### YOUR OBJECTIVE
Should any entry hold a picture, omit that picture and copy the rest of the entry exactly.

** ENTRIES PROVIDED follows **

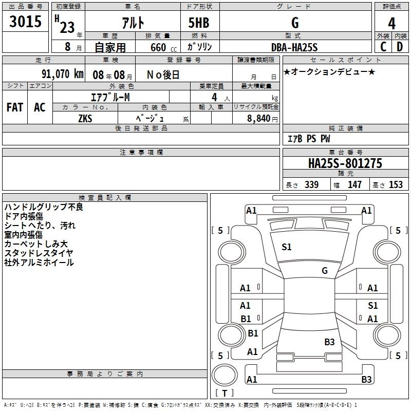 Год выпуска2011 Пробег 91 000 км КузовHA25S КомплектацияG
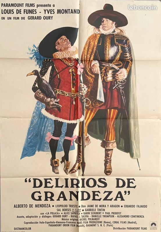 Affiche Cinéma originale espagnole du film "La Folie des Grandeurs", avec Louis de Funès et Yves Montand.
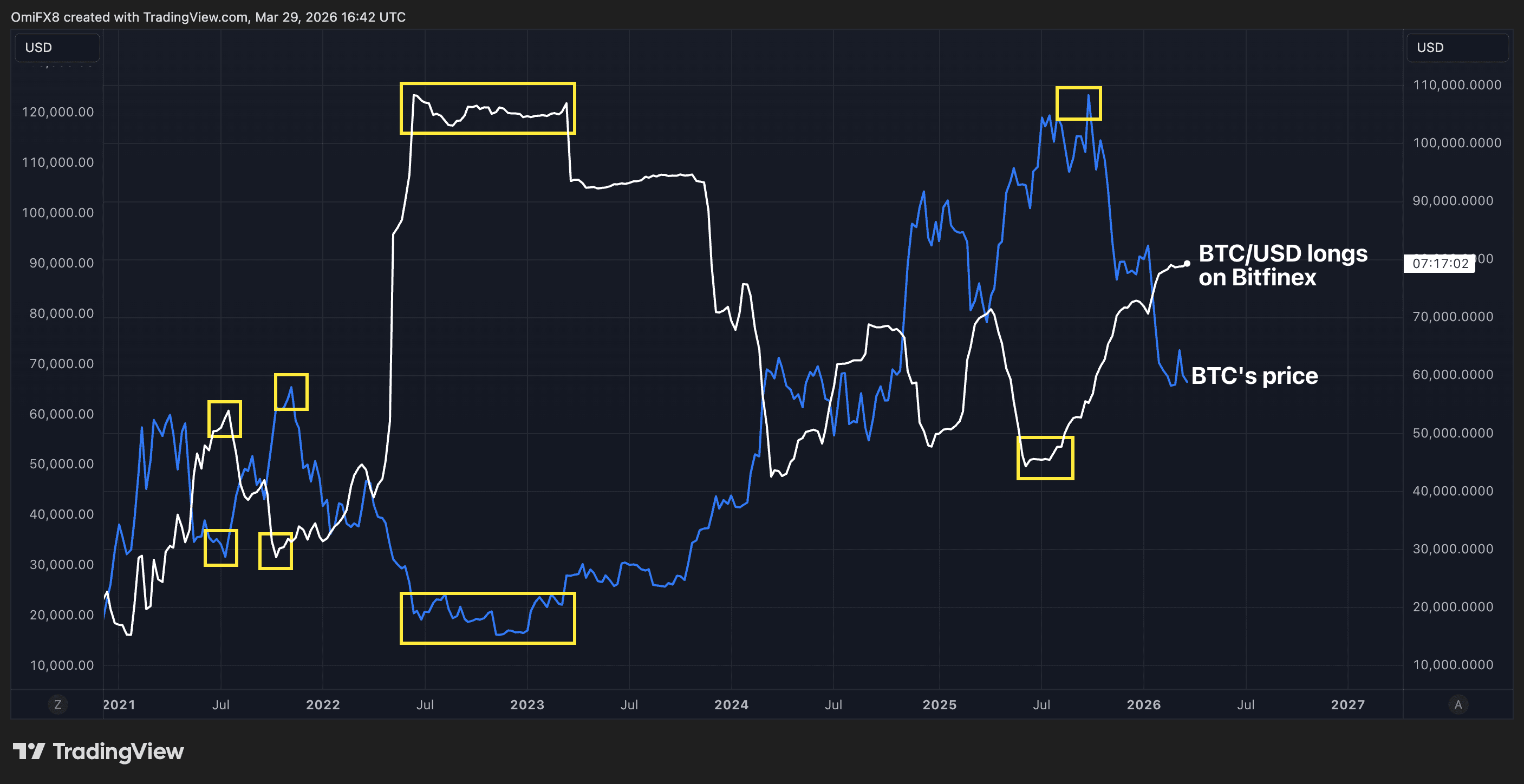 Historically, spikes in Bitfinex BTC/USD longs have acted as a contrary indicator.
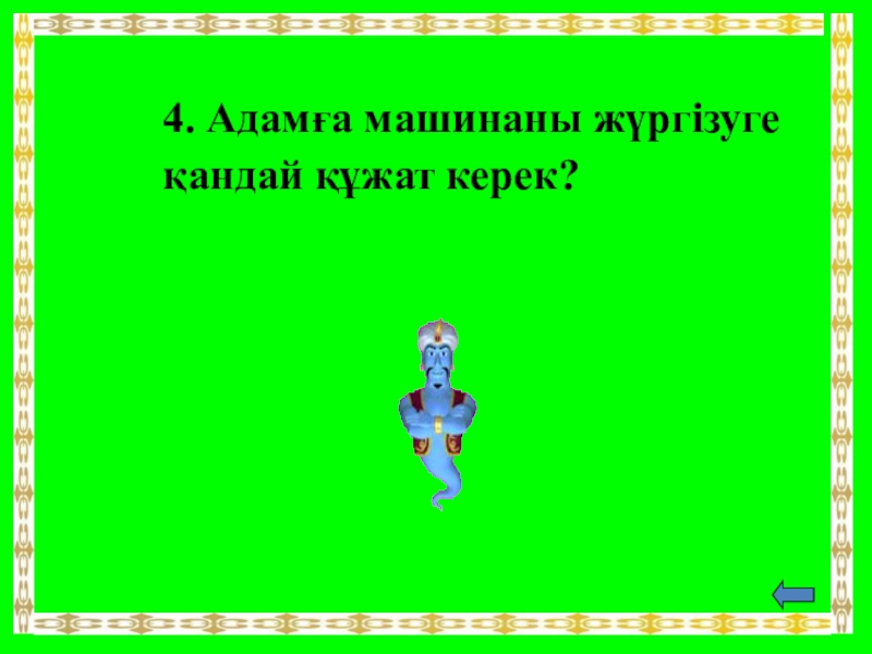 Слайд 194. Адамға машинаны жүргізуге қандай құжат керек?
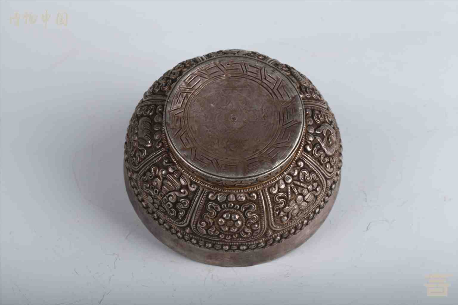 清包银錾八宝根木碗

** End of ENTRIES PROVIDED **

### EXPECTED OUTPUT
 Год выпуска2011 Пробег 91 000 км КузовHA25S КомплектацияG
 Affiche Cinéma originale espagnole du film "La Folie des Grandeurs", avec Louis de Funès et Yves Montand.
 Historically, spikes in Bitfinex BTC/USD longs have acted as a contrary indicator.
 Слайд 194. Адамға машинаны жүргізуге қандай құжат керек?
 清包银錾八宝根木碗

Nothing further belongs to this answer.